The "by default" implies that there's a way to change this behavior, but I can't find a way to allow native modules to load when --experimental-permission
is configured. Is this currently possible? If not, are there plans to allow native modules to be loaded in the future, regardless of whether or not they can respect the configured policy?
We can add an --allow-addons
flag @legrego. I'll be working on that, but once you enable it addons will bypass any permission imposed by the permission model (the same applies to --allow-worker
and --allow-child-process
).
We can add an
--allow-addons
flag @legrego. I'll be working on that, but once you enable it addons will bypass any permission imposed by the permission model (the same applies to--allow-worker
and--allow-child-process
).
--allow-addons
would be perfect, and having addons not respect the permission model is a reasonable restriction in my mind. Thanks, @RafaelGSS. Forgive me, I'm not sure what the backport policy is, but it would be ideal for me if this were to be included in v20 (LTS).

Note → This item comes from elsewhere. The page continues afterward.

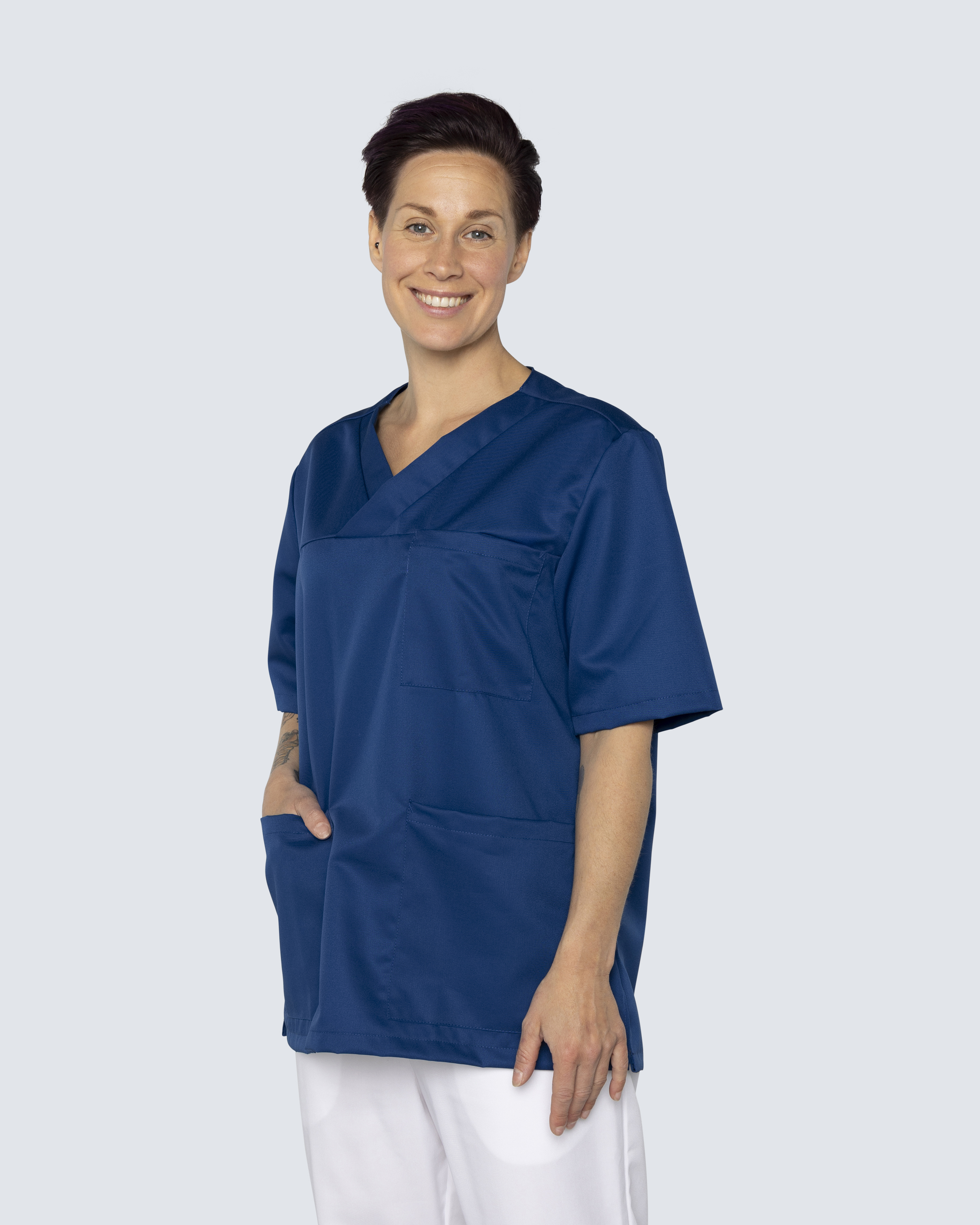 Bussarong i unisexmodell med avslappnad, rymlig passform och sportigt utseende. Plagget har en generös längd och slitsar i sidorna för optimal rörelsefrihet. Bröstficka och två rymliga höftfickor, varav en har mindre innerficka för exempelvis mobiltelefon eller mindre hjälpmedel. Bussarongen har hög andningsförmåga och är tillverkad i slitstark och temperaturreglerande Tencel, ett material som sitter behagligt mot kroppen.

Yes, ideally it will be included on Node.js 20. It might take time since our backporting policy to LTS release lines requires a commit to be on main
for at least, 2 weeks.
See https://github.com/nodejs/node/pull/51183 @legrego
Thank you, @RafaelGSS!
With nodejs/node#52730 I think it's time to discuss it Permission Model usage with package managers.
Closing this as completed. A second iteration of Permission Model will be created shortly.